- Interactive map of Chinati Mountains State Natural Area
- Location: Presidio County, Texas, United States
- Nearest city: Presidio
- Coordinates: 29°54′0″N 104°33′36″W﻿ / ﻿29.90000°N 104.56000°W
- Area: 39,000 acres (160 km^{2})
- Established: 1996
- Visitors: 60,000 (projected)
- Governing body: Texas Parks and Wildlife Department
- Website: Official site

= Chinati Mountains State Natural Area =

State park in Texas, United States

Chinati Mountains State Natural Area (CMSNA) is a 39,000 acres state park in Presidio County, Texas, United States near the international border with Mexico. The park is under development and is managed by the Texas Parks and Wildlife Department. Road projects are in progress with possible limited access for small groups in 2026 and a full opening in 2032.

==History==
Human occupation in the Chinati Mountains and vicinity dates to the Archaic period about 8,000 years ago. The historic record began with sheep ranching in 1883. Mining started in the area in 1885 but transportation of materials to and from the remote area proved problematic. The land continued with sheep ranch operations under different owners until 1978 when it became more of a wildlife sanctuary.
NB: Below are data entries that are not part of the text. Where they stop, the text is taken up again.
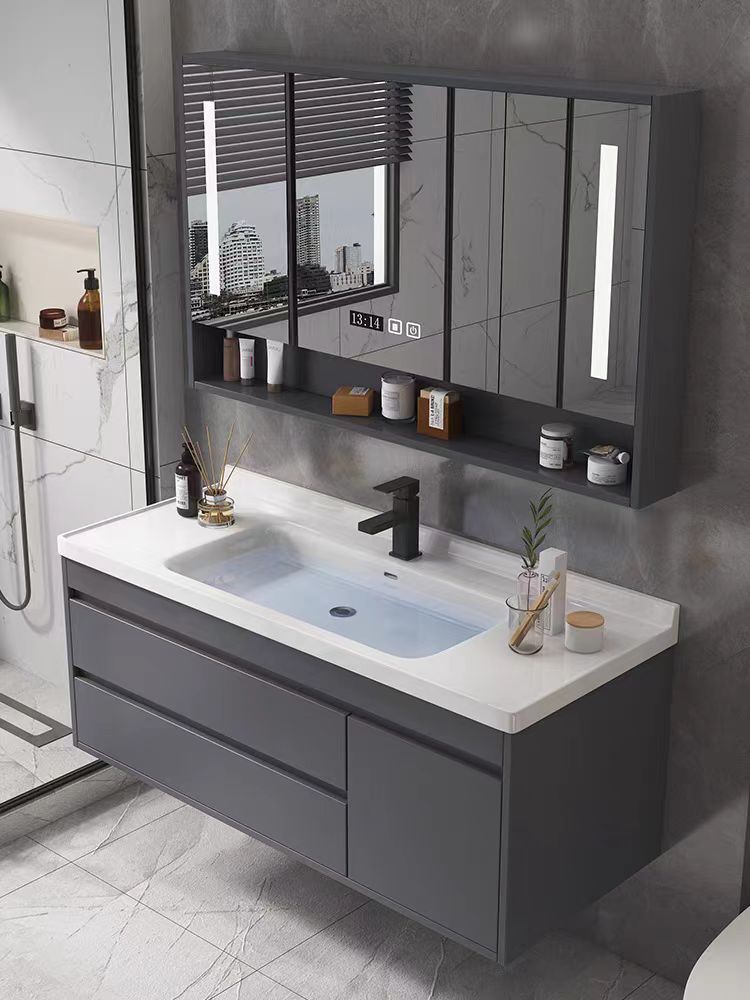 现代简约陶瓷一体盆浴室柜组合卫生间洗脸盆洗手盆轻奢洗漱台套装
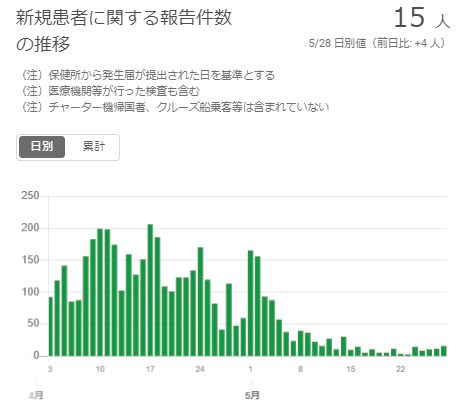 東京都は5月28日、都内の医療機関から報告された新型コロナウイルス感染症の新たな患者は15人、そのうち感染経路不明は8人などと発表した。死亡は3人増えて299人、患者総数は5195人。西東京市は変化なく15日間連続46人だった。
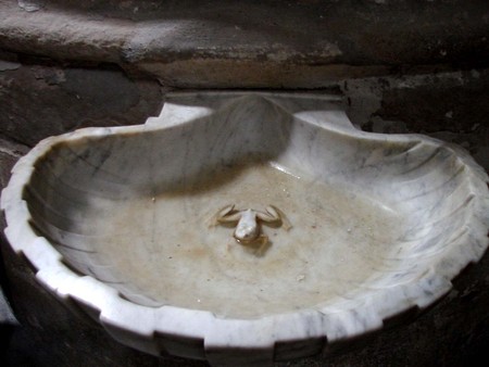 This odd holy water stoup in the collegiate church of St Paul in Narbonne is carved with a representation of a frog. The legend goes that the frog was a real one and started croaking during Mass and was petrified by God. C’est minion!
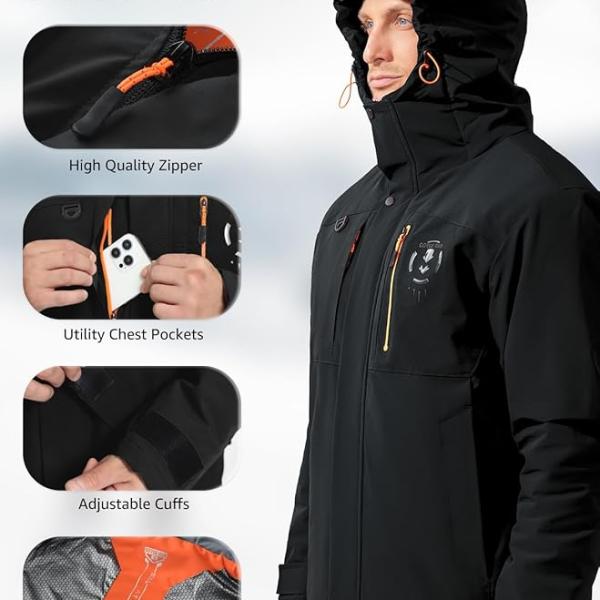 Weather Protection: Waterproof and windproof shell with reinforced stitching protects against rain, snow, and wind. Durable thermal insulation helps retain body heat in cold conditions
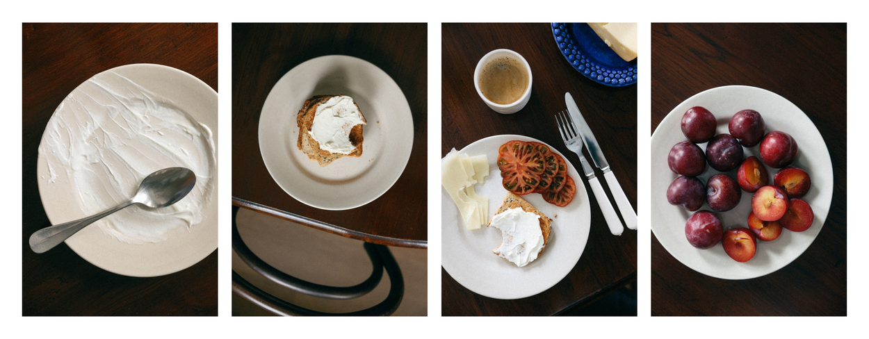 Idag bjuder Mona sina närmaste vänner på brunch. Nybakat bröd, färsk frukt och kaffe står framme på bordet, medan keramiken tyst ramar in stunden. De mjuka glasyrerna och de handgjorda ytorna fångar morgonljuset på olika sätt under timmarnas gång. Ibland kan en helgbrunch sträcka sig över hela dagen och övergå i eftermiddagste och till och med middag. Under sådana dagar rör sig keramiken sömlöst mellan tillfällena: från tidig morgon till långa kvällar runt samma bord.
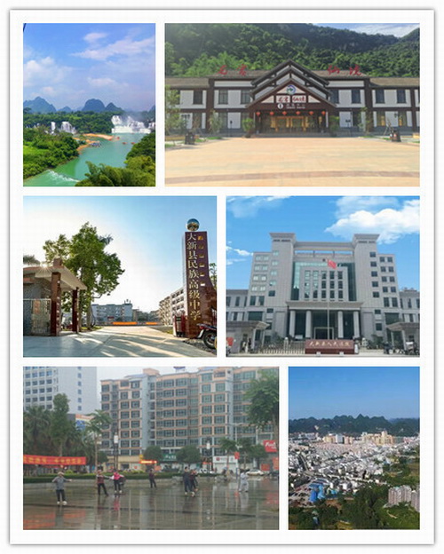 大新县是以壮族为主体的少数民族聚居县份,居住着壮、汉、瑶、苗等23个民族。大新古属骆越地,始治于秦,宋袭土司制度,八大土司管治延续千年,有短衣壮文化、高腔诗蕾山歌文化、南疆土司文化、山崖壁画等文化遗产。境内地形大体上略成菱形,地势东北、西北高,逐渐向南倾斜,中部稍低凹成槽形的石山盆地。崇靖高速公路、国道G358线、国道G359线、国道G219线、国道G243线和S311省道、驮卢至大新二级公路过境。
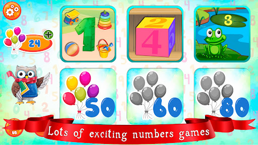 Thanks to the new smart game "Learn Numbers: Kids Games" with colorful and funny pictures, it will be easy, fun, and fast for kids to learn numbers. Logic edukitty memory games contain several different modes. Each of them is fascinating in its own way and will not leave any child indifferent. In the first mode, kids will learn numbers by clicking on each of them, and a rhyme about the number will sound, accompanied by the number of objects that correspond to the number. Next comes the fun of useful logic games for kids! The second mode, "Learning to Count," features children's favorite toys placed on shelves. The task is to listen to the question, for example, "How many cubes are on the shelves?" and then count the cubes and click on the correct number. The free toddler learning games contain plenty of educational tasks: help the toad get to the other side, collect apples in a basket, put the animals in their wagon train, and many other exciting adventures. Kids can even attend a birthday party and count the candles on the cake. For the correct completion of number games tasks, children will receive balloons as a reward, which they can then use to unlock new exciting mini-games for offline play, all for free.
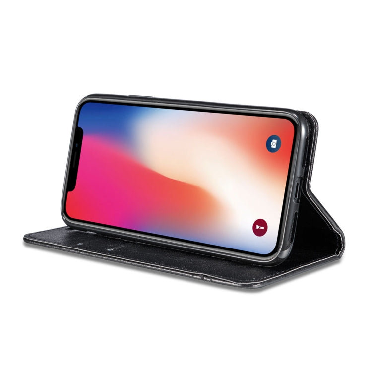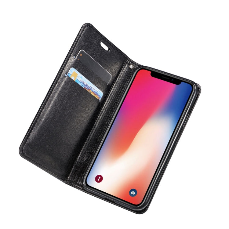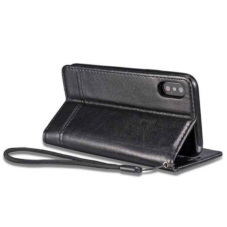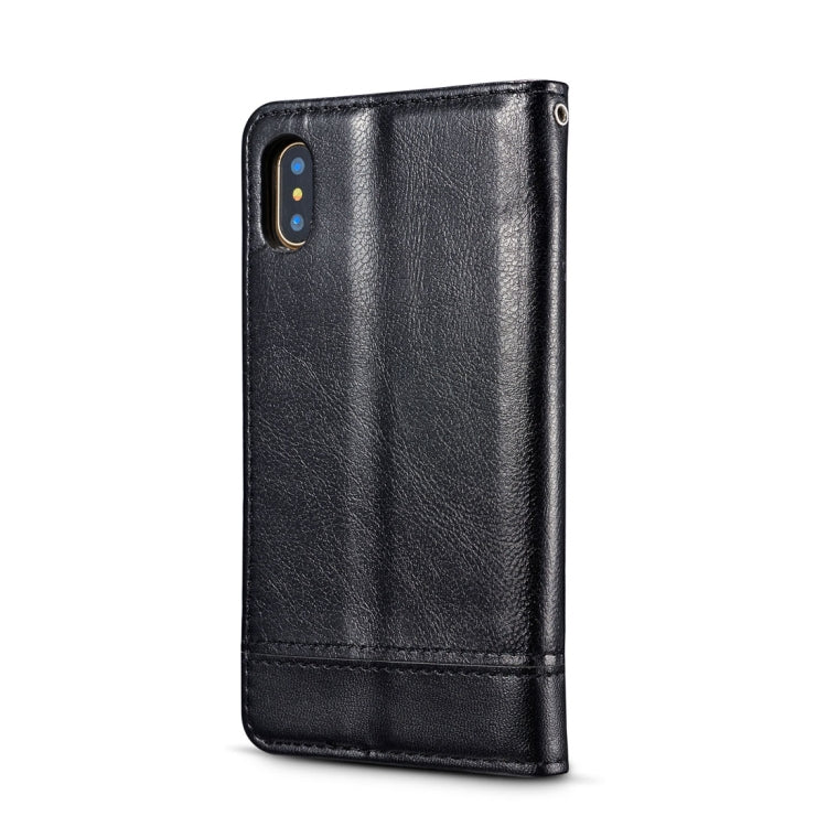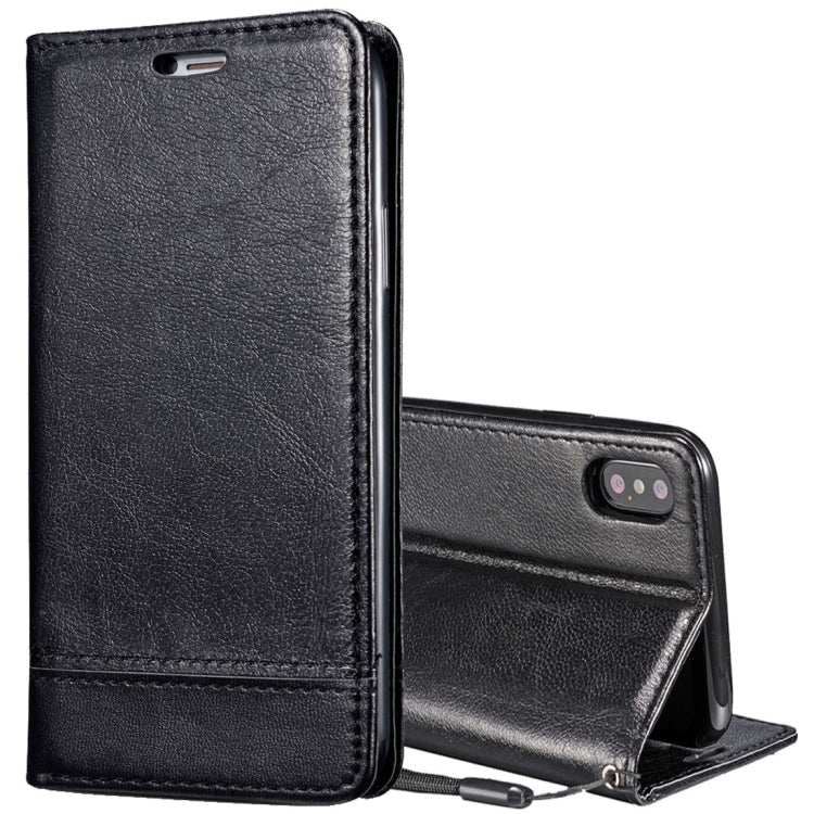 For iPhone X / XS Double-sided Absorption Splicing Horizontal Flip Leather Case with Holder & Card Slots & Lanyard(Black)
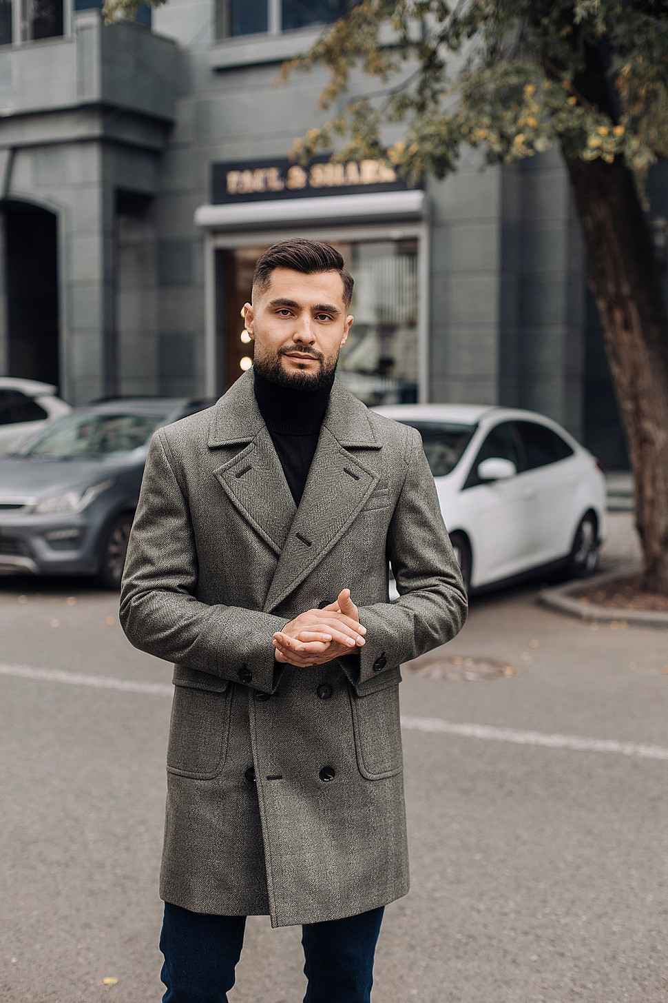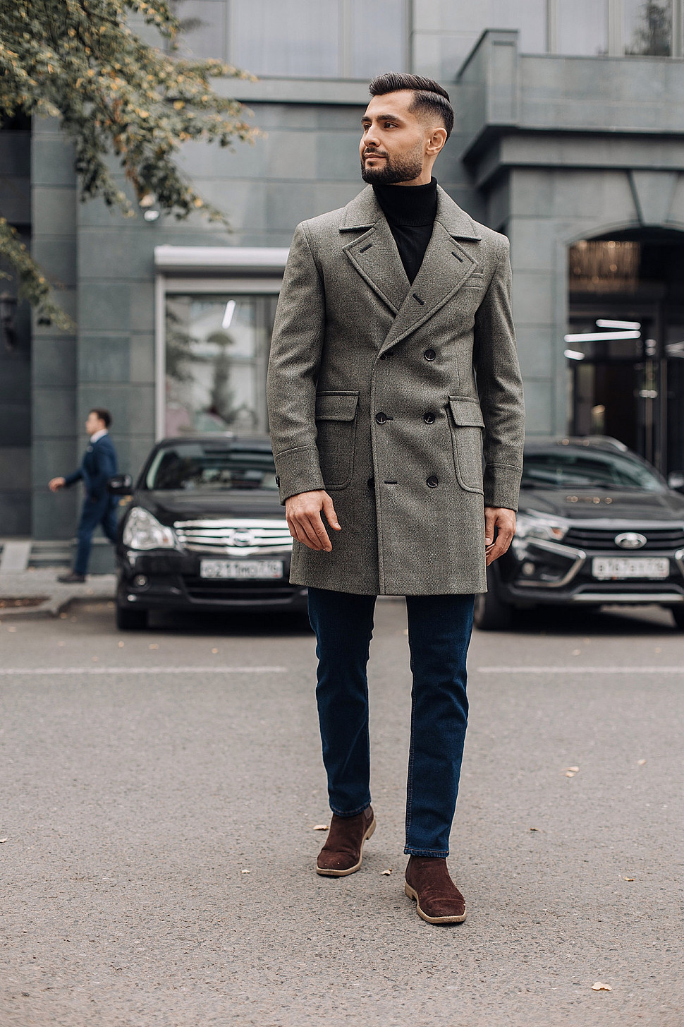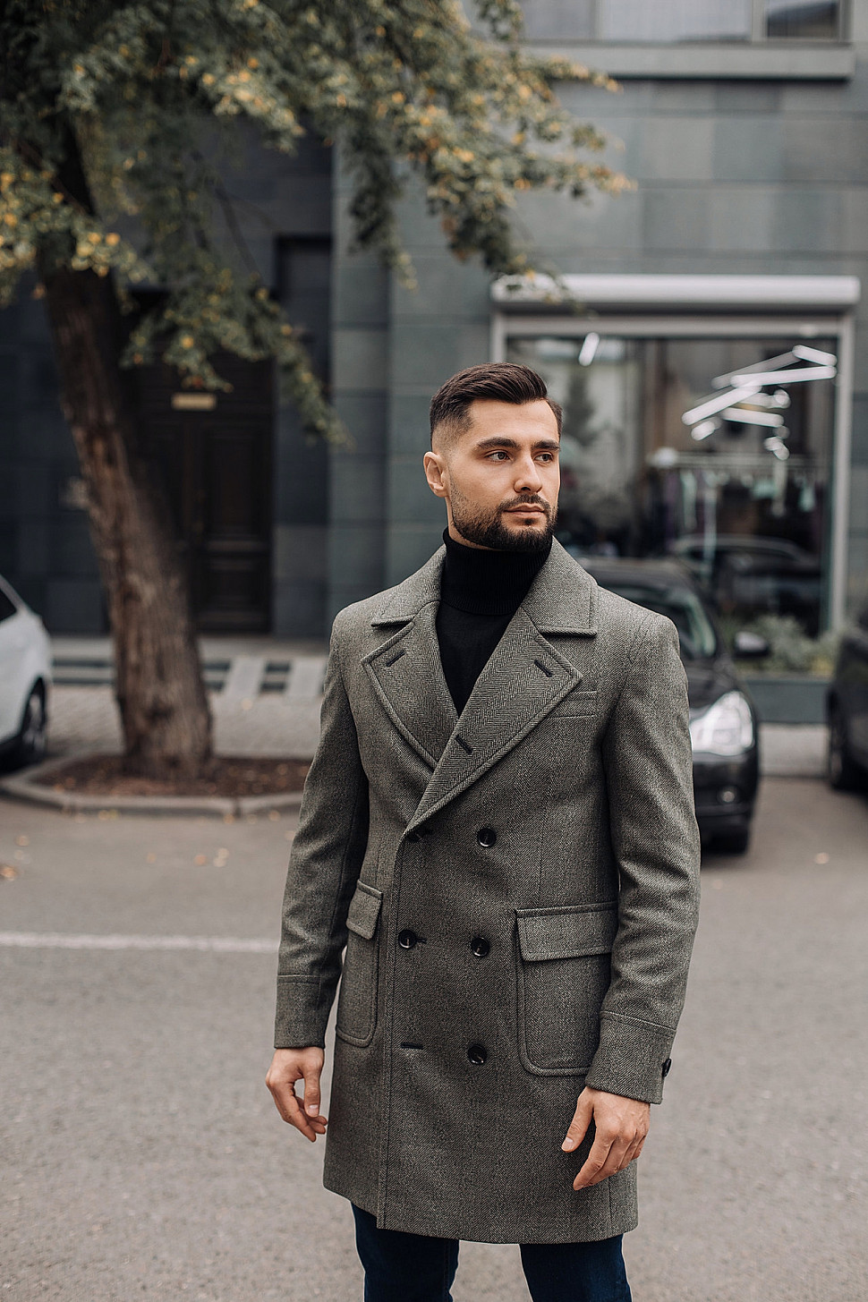 Мужское пальто черного цвета двубортное

In late 1996 the Richard King Mellon Foundation purchased 38,137 acres of the former sheep ranch and donated it to the Texas Parks and Wildlife Department in a deal brokered by The Conservation Fund. Texas Parks and Wildlife conducted multi-year surveys and started development of the CMSNA.

For many years, there was no public access to the land. Finally, in 2014, four tracts of land needed to open a public road were secured. A $4.5 million project by the Texas Department of Transportation will build a public entrance into the park, including paved and unpaved roadways.

==Nature==
CMSNA is in the Chihuahuan Desert ecoregion. It has an abundance of springs, including a rare salt marsh ciénega. CMSNA is a dark-sky preserve after being added to Big Bend Ranch State Parks’ 2017 International Dark Sky Park designation from DarkSky International.

===Plants===
The lower elevations present deserts and xeric shrublands plants such as creosotebush, viscid acacia, ocotillo, lechuguilla, honey mesquite. Smooth sotol, Torrey's yucca, skeletonleaf goldeneye and prickly pear are common plants. Higher up are gray oak, grama grasses. Frémont cottonwood and Goodding's willow populate the wetter areas.

===Animals===
Forty species of mammals have been documented in the park so far. Ten of the mammal species are bats with the pallid bat being the most abundant followed by the canyon bat. Commonly sighted species are desert cottontail, black-tailed jackrabbits, aoudad, collared peccary, coyote, mule deer, and white-tailed deer. Gray fox, American badger, striped skunk and mountain lion are present but rarely spotted. Many species of rodents (including mice, rats, squirrels, gophers and porcupines) were catalogued with Nelson's pocket mouse being the most common followed by the cactus mouse. Hikers should be cautious of the venomous western diamondback rattlesnake.

== Activities ==
The park will offer camping and trails for hiking and equestrianism.